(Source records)
··········

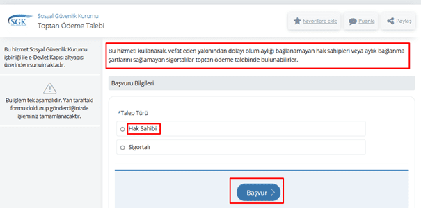 Yukarıdaki ekrandan toptan ödeme başvurusu yapılabilir. Bunun için arama alanına “ Toptan Ödeme Talebi ” yazmak gerekir. Ardından “ Hak Sahibi ” seçeneğine tıklanmalıdır. “Başvur” seçeneğinden müracaat yapılabilir.
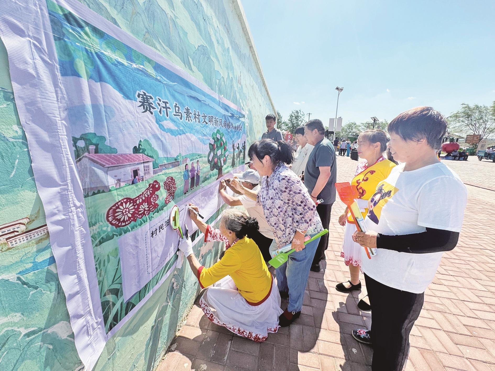 “村容村貌换新颜,红白喜事不铺张,志愿服务暖人心……”村民自编自演的三句半《文明新风进咱村》引发阵阵喝彩,让移风易俗理念在欢声笑语中入脑入心。“民俗大闯关”设置两大互动摊位,成为活动最热闹的区域。“风俗天平”游戏中,村民听工作人员说出“高价彩礼”“随礼攀比”后将沙包对应投入“革新”筐,听工作人员说出“孝老爱亲”“勤俭节约”后将沙包对应投入“保留”筐,直观展现对传统习俗的取舍。活动最后,大家在“文明新风尚画卷”上签名承诺,笔尖划过之处,皆是对文明新风的向往。
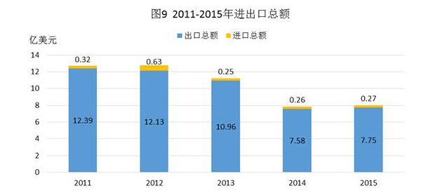 全年货物进出口总额8.02亿美元,比上年增长2.3%。其中,出口7.75亿美元,增长2.2%;进口0.27亿美元,增长5.3%。进出口差额(出口减进口)7.48亿美元。生产型出口总额 5.76亿美元,下降18.0%。
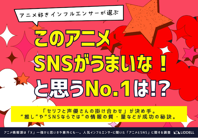 【リデル調査】アニメ好きインフルエンサーが選ぶ「このアニメ、SNSがうまいな!」と思うNo. 1は!?「セリフと声優さんのコラボ」「推しや SNS特有 の情報の質・量」など成功の秘訣が明らかに
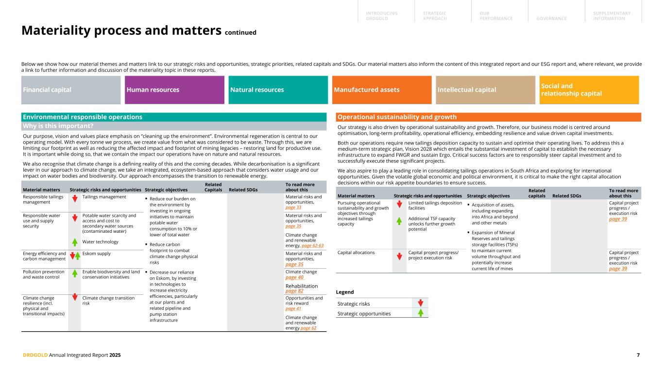 Below we show how our material themes and matters link to our strategic risks and opportunities, strategic priorities, related capitals and SDGs. Our material matters also inform the content of this integrated report and our ESG report and, where relevant, we provide a link to further information and discussion of the materiality topic in these reports. Financial capital Human resources Natural resources Manufactured assets Intellectual capital Social and relationship capital Environmental responsible operations Why is this important? Our purpose, vision and values place emphasis on “cleaning up the environment”. Environmental regeneration is central to our operating model. With every tonne we process, we create value from what was considered to be waste. Through this, we are limiting our footprint as well as reducing the affected impact and footprint of mining legacies – restoring land for productive use. It is important while doing so, that we contain the impact our operations have on nature and natural resources. We also recognise that climate change is a defining reality of this and the coming decades. While decarbonisation is a significant lever in our approach to climate change, we take an integrated, ecosystem-based approach that considers water usage and our impact on water bodies and biodiversity. Our approach encompasses the transition to renewable energy. Material matters Strategic risks and opportunities Strategic objectives Related Capitals Related SDGs To read more about this Responsible tailings management Tailings management • Reduce our burden on the environment by investing in ongoing initiatives to maintain potable water consumption to 10% or lower of total water • Reduce carbon footprint to combat climate change physical risks • Decrease our reliance on Eskom, by investing in technologies to increase electricity efficiencies, particularly at our plants and related pipeline and pump station infrastructure Material risks and opportunities, page 33 Responsible water use and supply security Potable water scarcity and access and cost to secondary water sources (contaminated water) Water technology Material risks and opportunities, page 35 Climate change and renewable energy, page 62-63 Energy efficiency and carbon management Eskom supply Material risks and opportunities, page 35 Pollution prevention and waste control Enable biodiversity and land conservation initiatives Climate change page 40 Rehabilitation page 82 Climate change resilience (incl. physical and transitional impacts) Climate change transition risk Opportunities and risk reward page 41 Climate change and renewable energy page 62 Operational sustainability and growth Our strategy is also driven by operational sustainability and growth. Therefore, our business model is centred around optimisation, long-term profitability, operational efficiency, embedding resilience and value driven capital investments. Both our operations require new tailings deposition capacity to sustain and optimise their operating lives. To address this a medium-term strategic plan, Vision 2028 which entails the substantial investment of capital to establish the necessary infrastructure to expand FWGR and sustain Ergo. Critical success factors are to responsibly steer capital investment and to successfully execute these significant projects. We also aspire to play a leading role in consolidating tailings operations in South Africa and exploring for international opportunities. Given the volatile global economic and political environment, it is critical to make the right capital allocation decisions within our risk appetite boundaries to ensure success. Material matters Strategic risks and opportunities Strategic objectives Related capitals Related SDGs To read more about this Pursuing operational sustainability and growth objectives through increased tailings capacity Limited tailings deposition facilities Additional TSF capacity unlocks further growth potential • Acquisition of assets, including expanding into Africa and beyond and other metals • Expansion of Mineral Reserves and tailings storage facilities (TSFs) to maintain current volume throughput and potentially increase current life of mines Capital project progress / execution risk page 39 Capital allocations Capital project progress/ project execution risk Capital project progress / execution risk page 39 Legend Strategic risks Strategic opportunities INTRODUCING DRDGOLD STRATEGIC APPROACH OUR PERFORMANCE GOVERNANCE SUPPLEMENTARY INFORMATION Materiality process and matters continued DRDGOLD Annual Integrated Report 2025 7
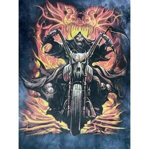 Vintage The Mountain graphic tee in charcoal. Tagged Men’s Size 2XL. Bold skeleton-on-motorcycle design with biker aesthetic and classic cotton blend. Great for vintage drops, biker bundles, or The Mountain listings.
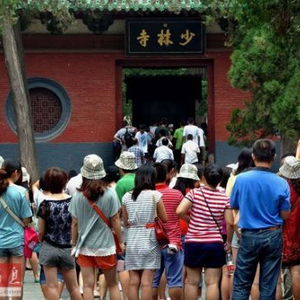 资料图片:2012年8月4日游客在少林寺山门外等候进寺参观。
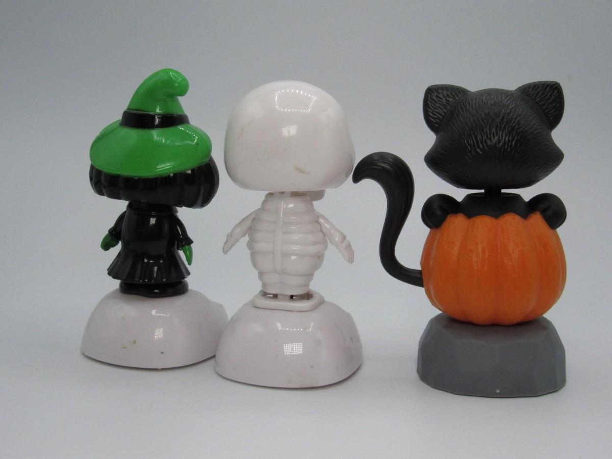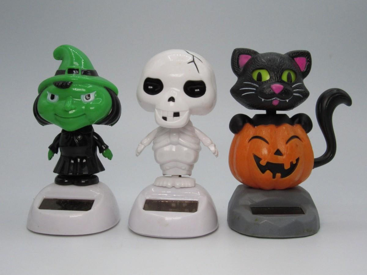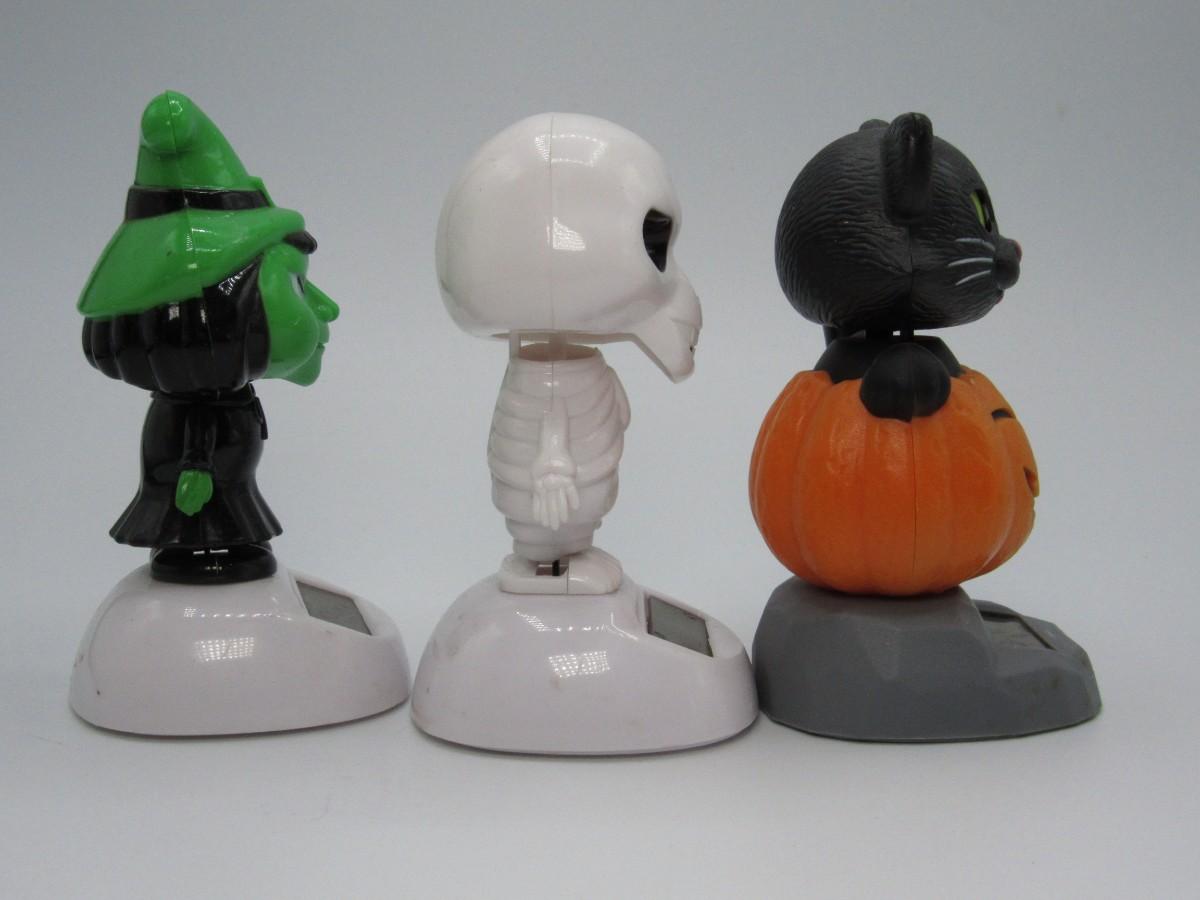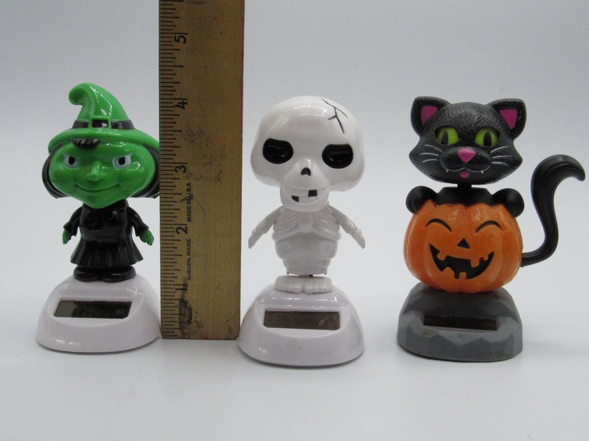 Lot of Spooky Halloween Solar Powered Green Witch, Skull, & Black Cat Dancing Figurines

··········

## What needs to be done
Beginning with the first line of the entries above, repeat each line word for word until the line with "1は!?「セリフと声優さんのコラボ」「推しや SNS特有 の情報の質・量」など成功の秘訣が明らかに" has been given too. Omit the pictures.

## Exercise output
 Yukarıdaki ekrandan toptan ödeme başvurusu yapılabilir. Bunun için arama alanına “ Toptan Ödeme Talebi ” yazmak gerekir. Ardından “ Hak Sahibi ” seçeneğine tıklanmalıdır. “Başvur” seçeneğinden müracaat yapılabilir.
 “村容村貌换新颜,红白喜事不铺张,志愿服务暖人心……”村民自编自演的三句半《文明新风进咱村》引发阵阵喝彩,让移风易俗理念在欢声笑语中入脑入心。“民俗大闯关”设置两大互动摊位,成为活动最热闹的区域。“风俗天平”游戏中,村民听工作人员说出“高价彩礼”“随礼攀比”后将沙包对应投入“革新”筐,听工作人员说出“孝老爱亲”“勤俭节约”后将沙包对应投入“保留”筐,直观展现对传统习俗的取舍。活动最后,大家在“文明新风尚画卷”上签名承诺,笔尖划过之处,皆是对文明新风的向往。
 全年货物进出口总额8.02亿美元,比上年增长2.3%。其中,出口7.75亿美元,增长2.2%;进口0.27亿美元,增长5.3%。进出口差额(出口减进口)7.48亿美元。生产型出口总额 5.76亿美元,下降18.0%。
 【リデル調査】アニメ好きインフルエンサーが選ぶ「このアニメ、SNSがうまいな!」と思うNo. 1は!?「セリフと声優さんのコラボ」「推しや SNS特有 の情報の質・量」など成功の秘訣が明らかに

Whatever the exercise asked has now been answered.